By the time the AI reaches the 20th picture, the characters start looking like melted wax, the style changes randomly, and the story makes no sense. It's like a painter who starts with a masterpiece but, after 20 paintings, can't remember what the main character looks like anymore.

This paper, UniLongGen, figures out why this happens and gives the AI a simple trick to fix it.

The Problem: The "Cluttered Desk" Effect

Usually, when AI fails at long tasks, we think it's because it's "forgetting" things (like running out of memory). The authors say: No, that's not it.

Think of the AI's memory like a desk where it keeps all the reference photos and notes for the story.

  • Text is like notes: If you have 1,000 pages of notes, the AI might get a little confused, but it can still find the right one.
  • Images are like giant posters: Every time the AI draws a picture, it adds a massive, high-resolution poster to the desk.

The Real Issue:
When you have 20 posters on your desk, they start fighting for your attention. The AI looks at the current task ("Draw a cat") and gets distracted by a random poster from 15 turns ago that happens to have a blurry shape that looks slightly like a cat.

Because the AI is so good at finding patterns, it latches onto these "accidental matches." It's like trying to listen to a friend in a crowded room, but suddenly 20 people start shouting random words that sound kind of like what your friend said. The AI gets hijacked by these "noise" signals, and the drawing goes off the rails.

The authors call this "Active Pollution." The old images aren't just fading away; they are actively corrupting the new ones.

The Solution: The "Smart Curator"

The paper proposes a method called UniLongGen. Instead of trying to remember everything (which causes the clutter), the AI learns to curate its memory.

Imagine the AI has a Smart Curator (a helpful assistant) who stands by the desk. Here is how the Curator works:

  1. The "One-Shot" Check: Before drawing the next picture, the Curator quickly glances at the entire history of the story (all the text and all the old pictures).
  2. The "Relevance" Test: The Curator asks the AI: "Which of these old pictures actually helps me draw the NEXT one?"
    • It ignores pictures that are just "there."
    • It ignores pictures that are too old to matter.
    • It picks only the top 4 or 5 most important images that define the character's face or the story's style.
  3. The "Trash Bin" (Crucial Step): This is the most important part. The Curator doesn't just hide the other pictures; it throws them away (removes them from the AI's immediate memory).
    • Why? If you just hide them, the AI might still peek at them and get distracted. If you throw them away, the AI cannot be distracted by them.

The "Two-Layer" Trick

The paper also discovered that the AI brain works in layers, like a factory assembly line:

  • Early Layers: These are good at reading the text instructions ("Draw a cat wearing a hat").
  • Late Layers: These are good at the actual drawing (the pixels and colors).

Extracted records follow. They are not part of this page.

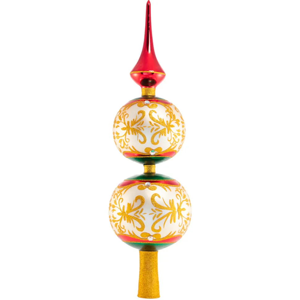Luxury Abounds Finial, Add A Touch Of Glam To Your Tree With This Super Luxe Tree Topper. Artfully Crafted In Tones Of Glittering Gold, Ruby Red And Emerald Green This Finial Is Truly Tops! 1020867, Christopher Radko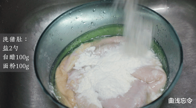 1.猪肚的清洗很重要,用盐、白醋和面粉主要是为了杀菌、去腥和去除黏液。要反复揉搓,面粉可以更好的吸附猪肚表面粘液和褶皱里的杂质,猪肚多余油脂要剪掉,切记猪肚要翻面,要把猪肚的里里外外都要清洗干净。可直接把它破开更好清洗。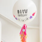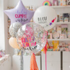 Globo de 60cm hinchado con helio y decorado con flecos de papel y estrellitas troqueladas, va atado a un tarrito de chuches.

UniLongGen uses a clever split:

  • For the text instructions, it keeps the relevant text history.
  • For the drawing, it keeps only the relevant image history.
    It doesn't mix them up. It gives the "text brain" the text it needs and the "drawing brain" the pictures it needs, and nothing else.

The Result

By using this "Smart Curator" approach:

  • Quality stays high: The AI can draw 40+ pictures in a row, and the 40th picture looks just as good as the 1st.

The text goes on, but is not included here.